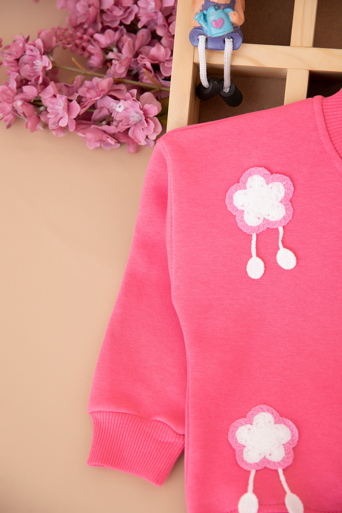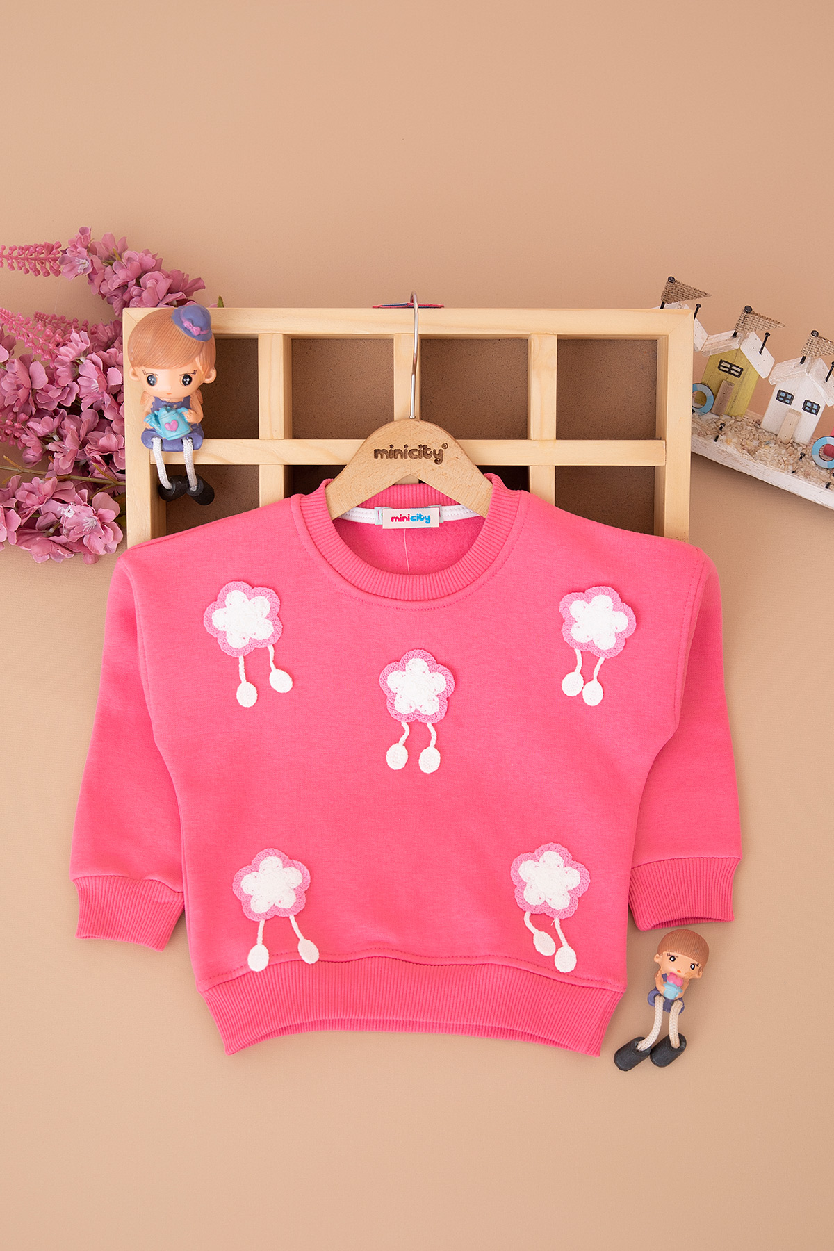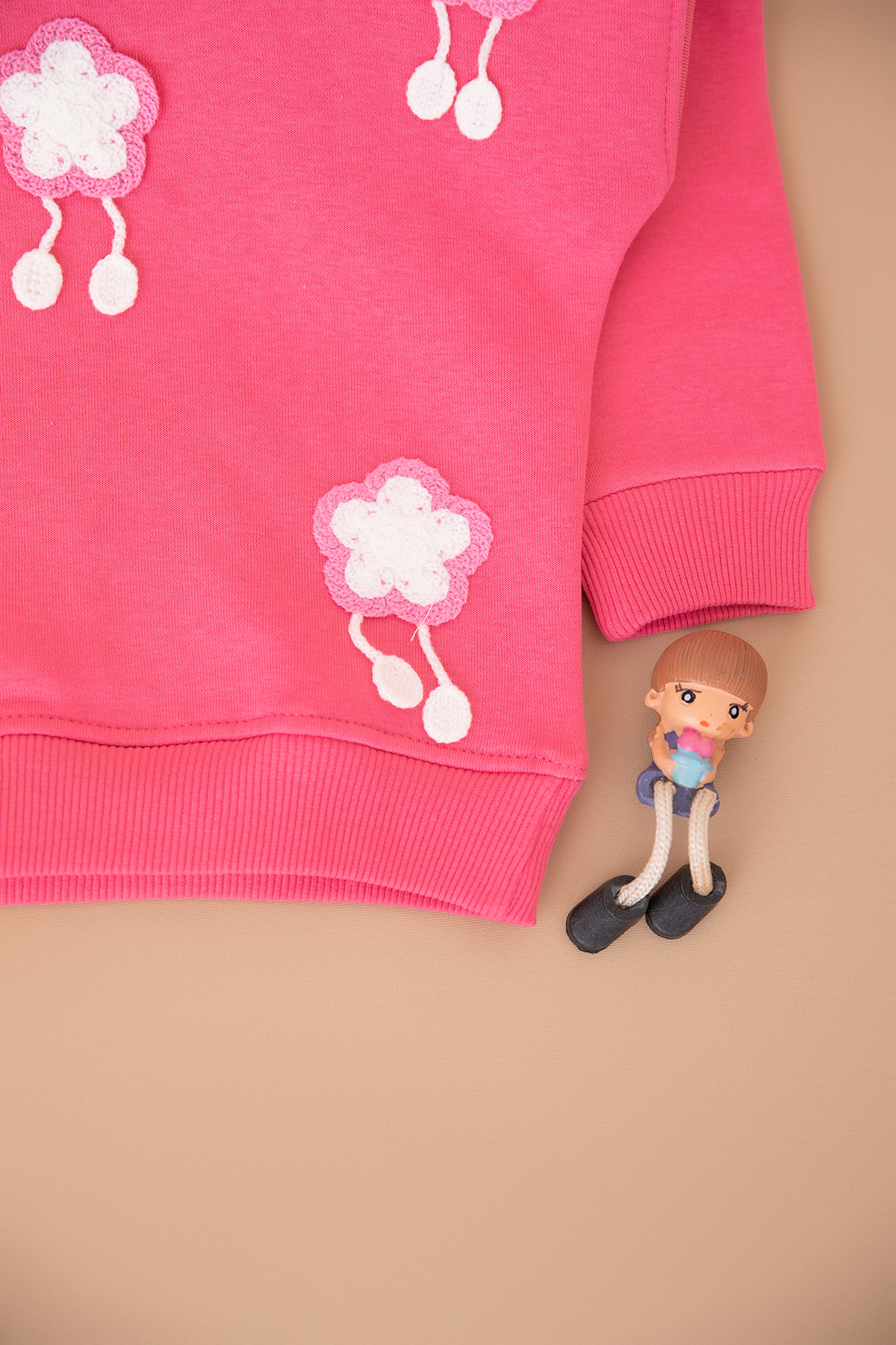 Kız Çocuk Çiçek Nakışlı Üçip Sweat - 4065 (3-7 Yaş)
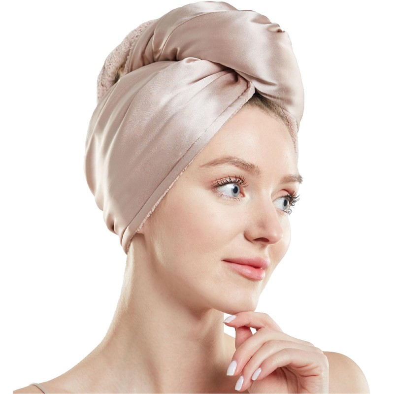 - Reversible: The surface is made of 6A natural silk 100% satin fabric, so it can protect your hair from drying and moisturizing. The reverse side is made of microfiber towel fabric that is super absorbent and quick drying, and the button and loop ties are durable and will not fade, so you can use it with confidence
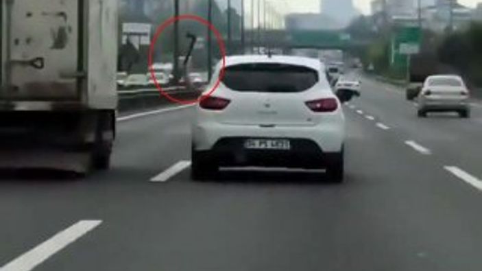 İstanbul trafiğinde kamyon şoförüne kızan bir araç sürücüsü, seyir halinde giderken araçtan çıkardığı baltayı kamyona vurmaya başladı. O anlar, cep telefonu kamerasına saniye saniye yansıdı.
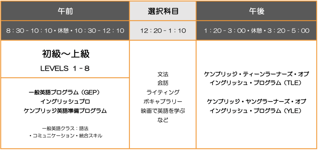 グローバルビレッジは、ハワイとカナダ2都市にセンターを持つ語学学校で授業の質、講師のキャリア、設備など、生徒を飽きさせないアクティビティ、自社手配のホームステイなど、全てに深いこだわりを持ち、全てにおいて質の高いサービスを提供できるように心がけています。授業は、総合的な英語力アップを目標としたカリキュラムが組まれ、特にコミュニケーション能力に焦点を当てた内容で行われます。校内は母国語禁止が厳しく徹底され、勉学に集中できる環境が整えられています。 午後の授業は選択制で、会話レッスンから試験対策コースまで、目的に合わせて学習することができます。また、校内の国籍に偏りが出ないよう、各国籍の生徒の割合を各国30%以内に制限しているのも、GVならではの特徴のひとつです。
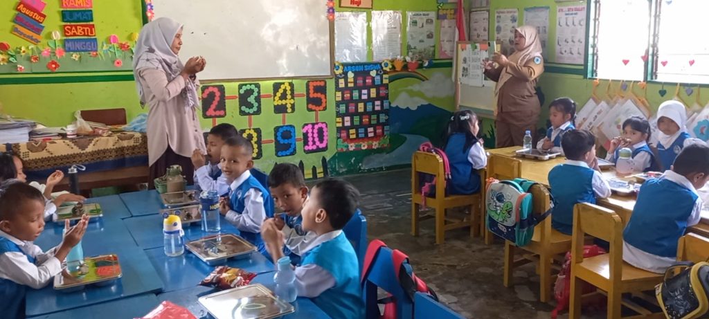 “Sedangkan air minum dibawa setiap anak dari rumah, setelah selesai wadah makan dan sendok dikembalikan agar bisa digunakan kembali di besok hari,” katanya.
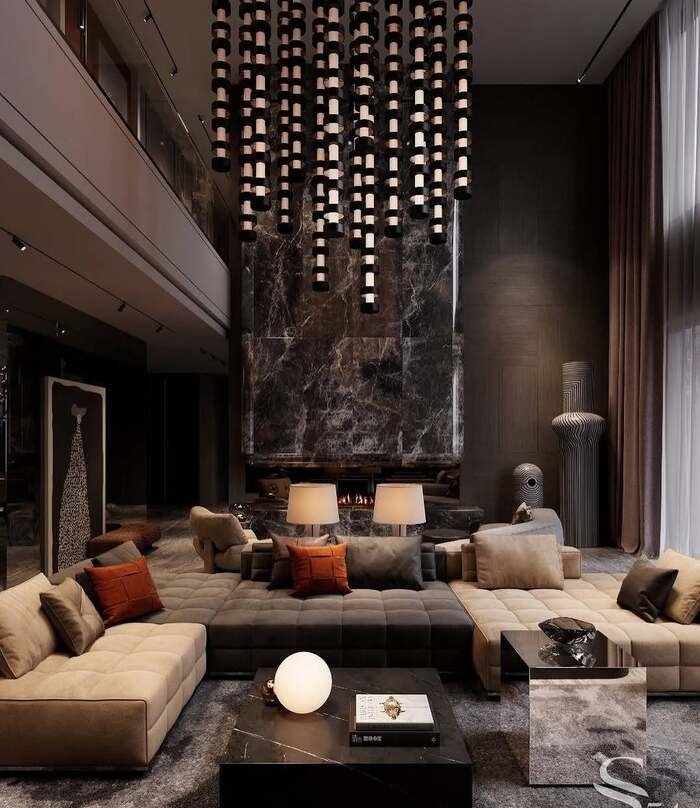 I’m not built for dainty furniture, and this space agrees. The low modular sofa is a grid of soft squares, almost like a giant mattress that remembered to be chic. Behind it, a dark stone fireplace climbs up and makes everything feel grounded. If you are building black and white living room decor men but have a big room that swallows normal furniture, this is your lane. Go lower, go broader, and let scale do the talking.

^^^^

Please reproduce the lines exactly from the one containing "air minum dibawa" through the last line of the data above, and keep the pictures out.

 “Sedangkan air minum dibawa setiap anak dari rumah, setelah selesai wadah makan dan sendok dikembalikan agar bisa digunakan kembali di besok hari,” katanya.
 I’m not built for dainty furniture, and this space agrees. The low modular sofa is a grid of soft squares, almost like a giant mattress that remembered to be chic. Behind it, a dark stone fireplace climbs up and makes everything feel grounded. If you are building black and white living room decor men but have a big room that swallows normal furniture, this is your lane. Go lower, go broader, and let scale do the talking.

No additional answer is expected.